*** Opening of Data supplied ***
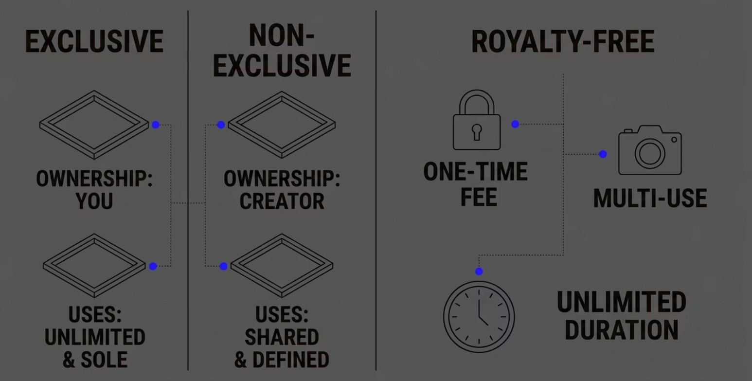• Exclusive License: Grants you sole rights to use the images for specified purposes and period. No one else, including the photographer, can use them during this time.
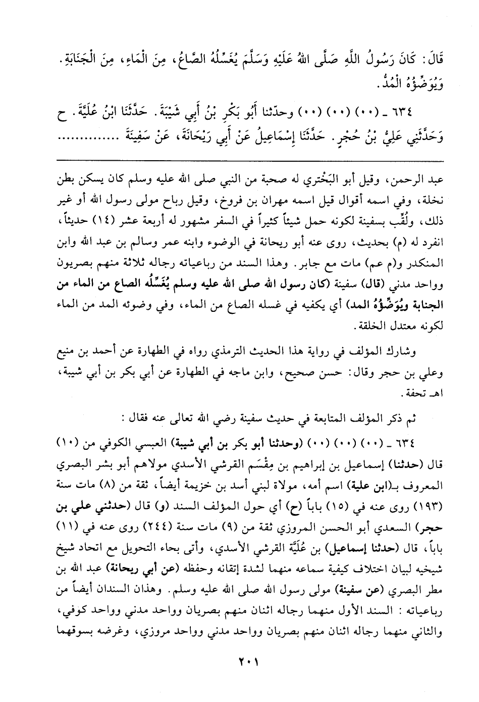 عبد الرحمن، وقيل أبو البَخْتري له صحبة من النبي صلى الله عليه وسلم كان يسكن بطن نخلة، وفي اسمه أقوال قيل اسمه مهران بن فروخ، وقيل رباح مولى رسول الله أو غير ذلك، ولُقِّب بسفينة لكونه حمل شيئًا كثيرًا في السفر مشهور له أربعة عشر (١٤) حديثًا، انفرد له (م) بحديث، روى عنه أبو ريحانة في الوضوء وابنه عمر وسالم بن عبد الله وابن المنكدر و (م عم) مات مع جابر. وهذا السند من رباعياته رجاله ثلاثة منهم بصريون وواحد مدني (قال) سفينة (كان رسول الله صلى الله عليه وسلم يُغَسِّلُه الصاع من الماء من الجنابة ويُوَضِّؤُهُ المد) أي يكفيه في غسله الصاع من الماء، وفي وضوئه المد من الماء لكونه معتدل الخلقة.
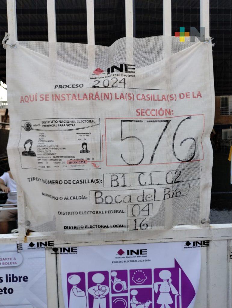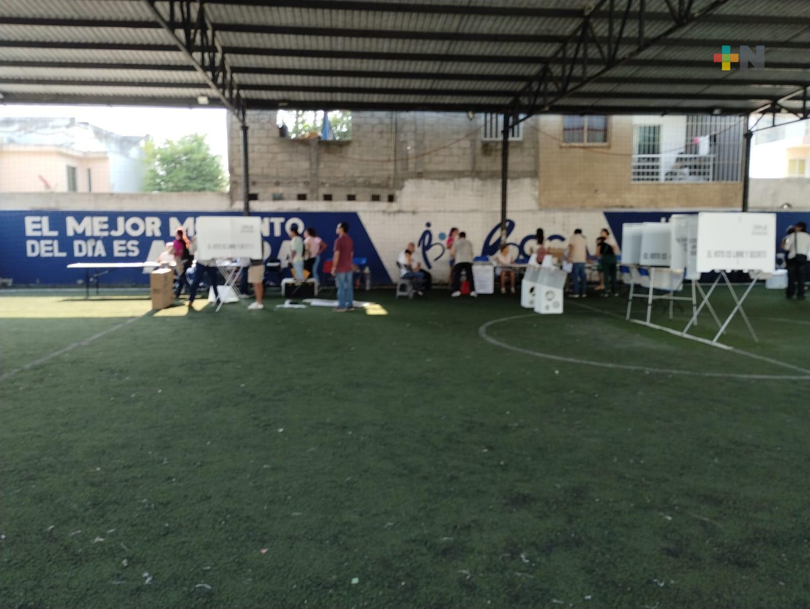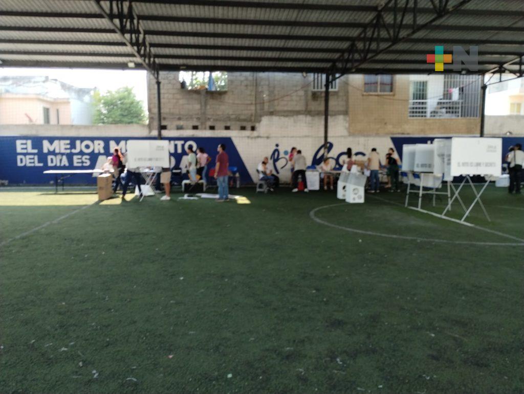Veracruz, Ver.- La casilla ubicada en la unidad deportiva de «El morrito» en el municipio de Boca del Río permanece en proceso de instalación y registra una larga fila de personas esperando el momento de poder emitir su sufragio.
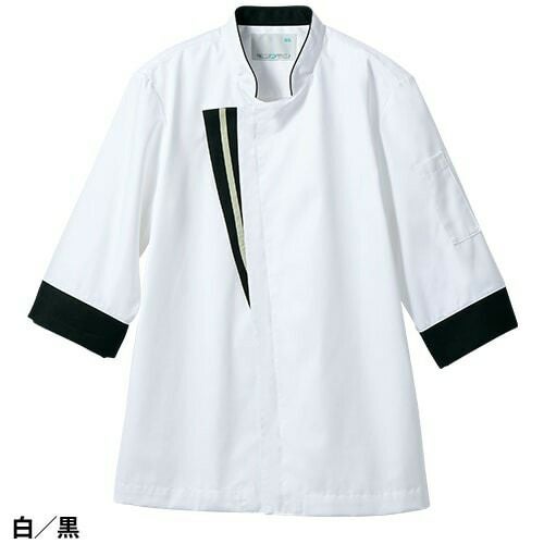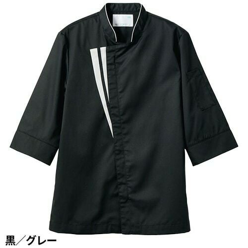 スマートなデザインに、動きやすさと衛生機能を忍ばせた黒/グレーのコックコート。 七分袖の男女兼用コックコート。体毛の落下を防止する袖口ネット付き。左袖にペン差しポケット。動きやすさをサポートする背面プリーツ。破損しにくいスナップ・ファスナーで破損による異物落下を防止。襟裏に濃色を配色することで襟裏汚れの目立ちをカバー。
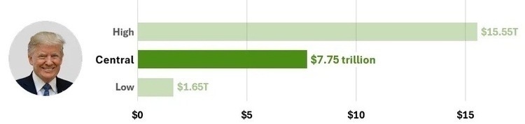 有预算分析师给出了更精确的数字:特朗普包含关税政策在内的一系列经济计划将导致美国联邦政府债务到2035年再增加7.75万亿美元。
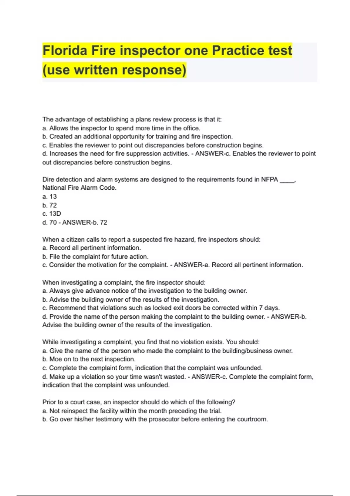 Florida Fire inspector one Practice test (use written response) Florida Fire inspector one Practice test (use written response) 100% Correct The advantage of establishing a plans review process is that it: a. Allows the inspector to spend more time in the office. b. Created an additional opportunity for training and fire inspection. c. Enables the reviewer to point out discrepancies before construction begins. d. Increases the need for fire suppression activities. c. Enables the reviewer to point out discrepancies before construction begins. Dire detection and alarm systems are designed to the requirements found in NFPA ____, National Fire Alarm Code. a. 13 b. 72 c. 13D d. 70 b. 72 When a citizen calls to report a suspected fire hazard, fire inspectors should: a. Record all pertinent information. b. File the complaint for future action. c. Consider the motivation for the complaint. a. Record all pertinent information. When investigating a complaint, the fire inspector should: a. Always give advance notice of the investigation to the building owner. b. Advise the building owner of the results of the investigation. c. Recommend that violations such as locked exit doors be corrected within 7 days. d. Provide the name of the person making the complaint to the building owner. b. Advise the building owner of the results of the investigation. While investigating a complaint, you find that no violation exists. You should: a. Give the name of the person who made the complaint to the building/business owner. b. Moe on to the next inspection. c. Complete the complaint form, indication that the complaint was unfounded. d. Make up a violation so your time wasn't wasted. c. Complete the complaint form, indication that the complaint was unfounded. Prior to a court case, an inspector should do which of the following? a. Not reinspect the facility within the month preceding the trial. b. Go over his/her testimony with the prosecutor before entering the courtroom. c. Appear in your inspection coveralls to convey your professionalism. d. Volunteer information to make responses as detailed and complete as possible. b. Go over his/her testimony with the prosecutor before entering the courtroom. Which of the following is suggested for courtroom procedure or behavior? a. Be argumentative while on the witness stand. b. Make sure that all physical evidence, exhibits, photographs, notes, and reference materials are brought to court. c. Attempt to answer every question, even when you do not know the answer. d. Always give your opinion-you are in court as an expert witness. b. Make sure that all physical evidence, exhibits, photographs, notes, and reference materials are brought to court. Buildings used as a store, market, and other
*** Close of Data supplied ***
• Work request: Copy out every entry above verbatim. Leave each picture out.

• Answer box:
• Exclusive License: Grants you sole rights to use the images for specified purposes and period. No one else, including the photographer, can use them during this time.
 عبد الرحمن، وقيل أبو البَخْتري له صحبة من النبي صلى الله عليه وسلم كان يسكن بطن نخلة، وفي اسمه أقوال قيل اسمه مهران بن فروخ، وقيل رباح مولى رسول الله أو غير ذلك، ولُقِّب بسفينة لكونه حمل شيئًا كثيرًا في السفر مشهور له أربعة عشر (١٤) حديثًا، انفرد له (م) بحديث، روى عنه أبو ريحانة في الوضوء وابنه عمر وسالم بن عبد الله وابن المنكدر و (م عم) مات مع جابر. وهذا السند من رباعياته رجاله ثلاثة منهم بصريون وواحد مدني (قال) سفينة (كان رسول الله صلى الله عليه وسلم يُغَسِّلُه الصاع من الماء من الجنابة ويُوَضِّؤُهُ المد) أي يكفيه في غسله الصاع من الماء، وفي وضوئه المد من الماء لكونه معتدل الخلقة.
Veracruz, Ver.- La casilla ubicada en la unidad deportiva de «El morrito» en el municipio de Boca del Río permanece en proceso de instalación y registra una larga fila de personas esperando el momento de poder emitir su sufragio.
 スマートなデザインに、動きやすさと衛生機能を忍ばせた黒/グレーのコックコート。 七分袖の男女兼用コックコート。体毛の落下を防止する袖口ネット付き。左袖にペン差しポケット。動きやすさをサポートする背面プリーツ。破損しにくいスナップ・ファスナーで破損による異物落下を防止。襟裏に濃色を配色することで襟裏汚れの目立ちをカバー。
 有预算分析师给出了更精确的数字:特朗普包含关税政策在内的一系列经济计划将导致美国联邦政府债务到2035年再增加7.75万亿美元。
 Florida Fire inspector one Practice test (use written response) Florida Fire inspector one Practice test (use written response) 100% Correct The advantage of establishing a plans review process is that it: a. Allows the inspector to spend more time in the office. b. Created an additional opportunity for training and fire inspection. c. Enables the reviewer to point out discrepancies before construction begins. d. Increases the need for fire suppression activities. c. Enables the reviewer to point out discrepancies before construction begins. Dire detection and alarm systems are designed to the requirements found in NFPA ____, National Fire Alarm Code. a. 13 b. 72 c. 13D d. 70 b. 72 When a citizen calls to report a suspected fire hazard, fire inspectors should: a. Record all pertinent information. b. File the complaint for future action. c. Consider the motivation for the complaint. a. Record all pertinent information. When investigating a complaint, the fire inspector should: a. Always give advance notice of the investigation to the building owner. b. Advise the building owner of the results of the investigation. c. Recommend that violations such as locked exit doors be corrected within 7 days. d. Provide the name of the person making the complaint to the building owner. b. Advise the building owner of the results of the investigation. While investigating a complaint, you find that no violation exists. You should: a. Give the name of the person who made the complaint to the building/business owner. b. Moe on to the next inspection. c. Complete the complaint form, indication that the complaint was unfounded. d. Make up a violation so your time wasn't wasted. c. Complete the complaint form, indication that the complaint was unfounded. Prior to a court case, an inspector should do which of the following? a. Not reinspect the facility within the month preceding the trial. b. Go over his/her testimony with the prosecutor before entering the courtroom. c. Appear in your inspection coveralls to convey your professionalism. d. Volunteer information to make responses as detailed and complete as possible. b. Go over his/her testimony with the prosecutor before entering the courtroom. Which of the following is suggested for courtroom procedure or behavior? a. Be argumentative while on the witness stand. b. Make sure that all physical evidence, exhibits, photographs, notes, and reference materials are brought to court. c. Attempt to answer every question, even when you do not know the answer. d. Always give your opinion-you are in court as an expert witness. b. Make sure that all physical evidence, exhibits, photographs, notes, and reference materials are brought to court. Buildings used as a store, market, and other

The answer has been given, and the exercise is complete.